诸葛亮伐魏失败以后,刘禅的耳畔经常有了这样的议论,说眼下魏国比蜀国强盛,蜀国兴师动众讨伐魏国有如以卵击石,得不偿失,倘使蜀能自守边境,不去攻打魏国,这样双方相安无事,蜀国也就可以享有永久的太平啦。刘禅对诸葛亮伐魏计划也产生了动摇,他想,蜀汉既能偏安自保,享受太平,从此不用为劳民伤财的战争忧心忡忡,这何乐而不为呢?诸葛亮对朝野中一些人的偏安思想早有觉察,对刘禅遇事无主见、易为人言所左右尤其感到焦虑,但这也更坚定了他要在有生之年北伐曹魏,完成一统天下大业的决心。

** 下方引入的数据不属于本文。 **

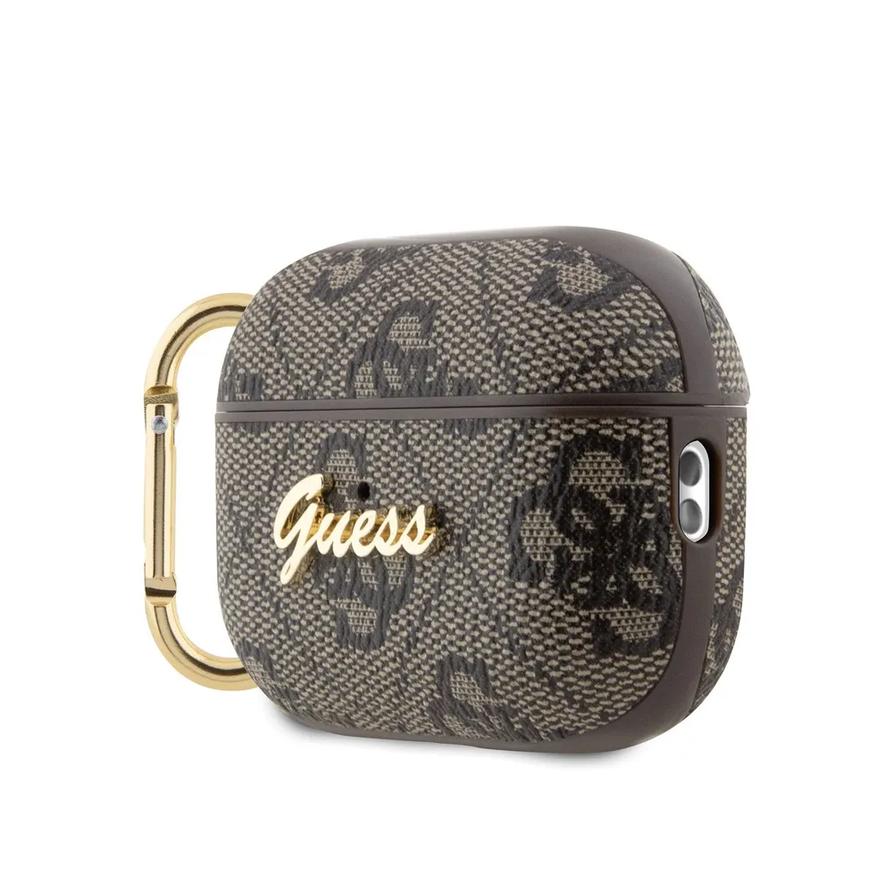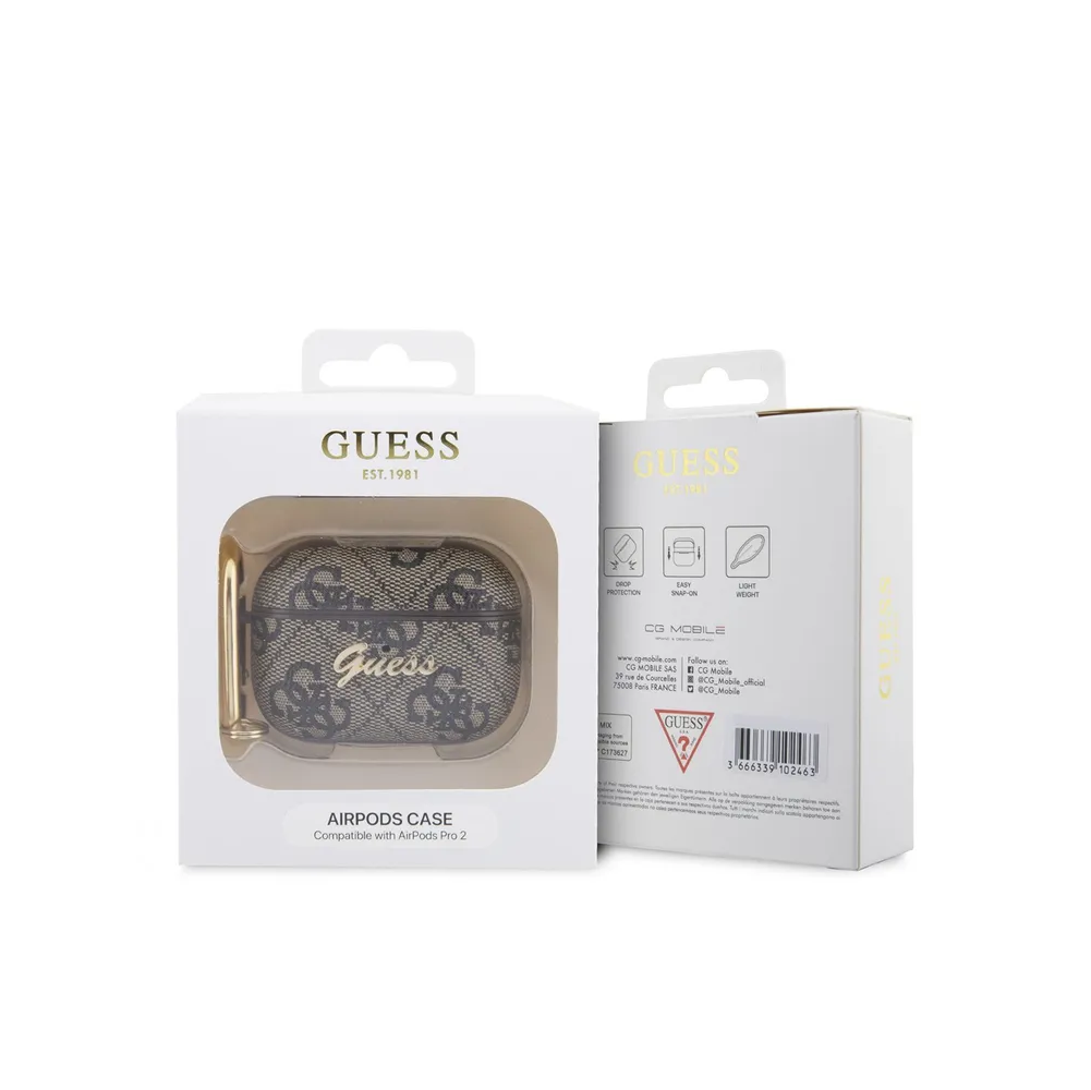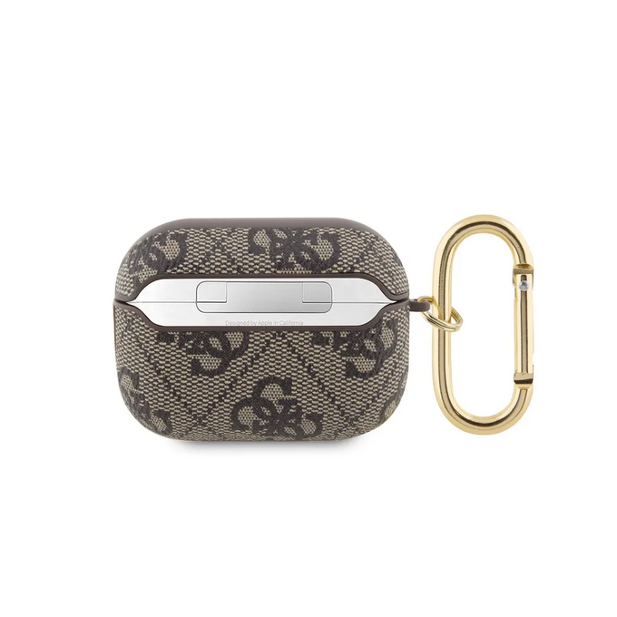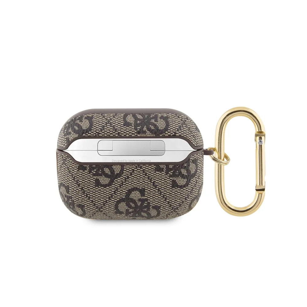 Guess для Airpods Pro 2 чехол PU leather 4G with metal logo and carabin Brown

这一年,刘禅又接到诸葛亮的奏章,当中细叙汉贼不能两立的理由,告诫说,企图用益州这样的小地方去与占据广大中原的敌国长期相持是不切实际的梦想,只有主动出击,方能死中求活,有所成就。诸葛亮最后对刘禅建议道,现在东吴孙权大败魏将曹休于石亭(今安徽潜山东北),魏国派出大量部队东下救援,关中虚空,正是蜀起兵伐魏的好时机。刘禅曾为反对北伐的意见打动,但看过丞相的表章以后,又觉相父分析得精到有理,便准奏,让诸葛亮再次起兵进攻魏国。诸葛亮出奇兵很快占领了魏属的武都(今甘肃成县北)和阴平(今甘肃县西北)两郡。捷报传到宫中,刘禅高兴之余即下诏恢复了诸葛亮丞相官职。
这个时候,东吴孙权见魏蜀两国连年战争,无力他顾,便在建业(今江苏南京市)正式称帝,国号仍为吴。孙权派使臣到蜀汉拜见刘禅,要求从此以后,蜀吴双方以平等的皇帝的名义相互交往。
刘禅对孙权称帝感到气愤,朝廷中许多大臣也都对孙权称帝深为恼怒,认为此举是同曹丕一样的“僭越”行为,只有立即与东吴断绝盟好,才能保护蜀汉自尊的正统地位,当刘禅召集群臣商议如何对策时,与东吴断交的呼声几乎就成了最后的定论。唯独诸葛亮与众不同,力排众议,他对刘禅说道:“孙权早有称帝的野心,我们没有过于计较这件事,是想求得他的支援,以牵制曹魏。现在,如果我们公开同他断绝盟好,必然会引起他们对我们的仇视。等到我们双方兵戎相见,长期相持,势必使曹贼得利。因此,陛下应放远目光,不因小而失大,继续联吴抗曹才是上策。我建议陛下立刻派使臣回访东吴,以表示蜀汉对孙权的祝贺。”刘禅听了诸葛亮一番话,也只好说:“就按丞相说的办吧。”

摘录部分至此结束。